Percentile Circumplex

But what really, at the end of the day, do these sorts of assessments tell us, or more importantly, what do they actually do for an organization?  After the results of a survey are presented, the client company is then faced with the challenge of changing values, behaviors, and a whole host of other rather personal things.  Implicit in this approach is an accusatory tone that says to many people within the firm that they have the wrong values and beliefs, and that in order for the organization to change in a desired way those people need to change (who they are).

This is rubbish.  What starts out as a bunch of words ends up with just a bunch of other words.  All firms aspire to be innovative, fair, customer oriented, grounded in integrity, focused on all stakeholders, etc.  What company doesn’t want these things?  What is presented by the A-List culture consultancies is merely candy floss masquerading as science.  Managers know that they need to attend to culture, yet they are so wedded to and blinded by the magic of science that they lie down and eat the candy floss.

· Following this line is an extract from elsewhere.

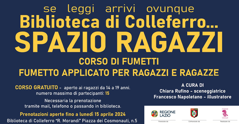 Colleferro. “Fumetto applicato per ragazzi e ragazze” un corso gratuito dedicato a ragazzi tra i 14 ed i 19 anni organizzato dalla Biblioteca Comunale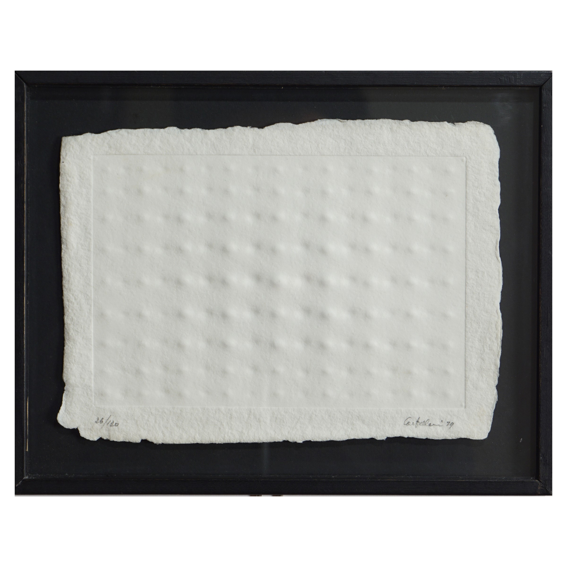 Castelmassa 1930 - Viterbo 2017 Senza titolo, 1979, impressione a secco su carta es. 26/120, firmata e datata a matita in basso a destra, Plura Edizioni, Milano, entro cornice.

Coworking as Change-Management Methodology

As the various experiments in ABW are showing, a company doesn’t need words about values, beliefs, and feelings in order to embark on meaningful cultural change.  Rather, what is needed are commitments.  The physical design, and the socio-physical-psychological interaction of people in well-designed spaces, creates patterns of community interaction on its own.  Of course it’s not all in the space alone.  It also includes giving employees choice, flexibility, and autonomy in how they do their work.  Companies can say that they aspire to be all sorts of things, but what high-performing knowledge workers really want is not that mysterious.  They want:

1. Trustworthy leaders

2. A business strategy that has a purpose beyond $

3. Involvement in meaningful work

4. Colleagues that don’t suck

5.  Maximum flexibility in how they organize their lives

6. The opportunity to innovate and grow professionally and personally

These things only become accessible and real to a group of employees if a company commits to them.  This entails designing spaces and policies that flow in accordance to the organic flows of human nature.

A culture change process that starts with the materiality of design has the potential to actually build culture, through design, without using an excess of words and colors.  The challenge, it seems, lies, first, in building the spaces and policies that align with human nature, then second, just getting out of the way.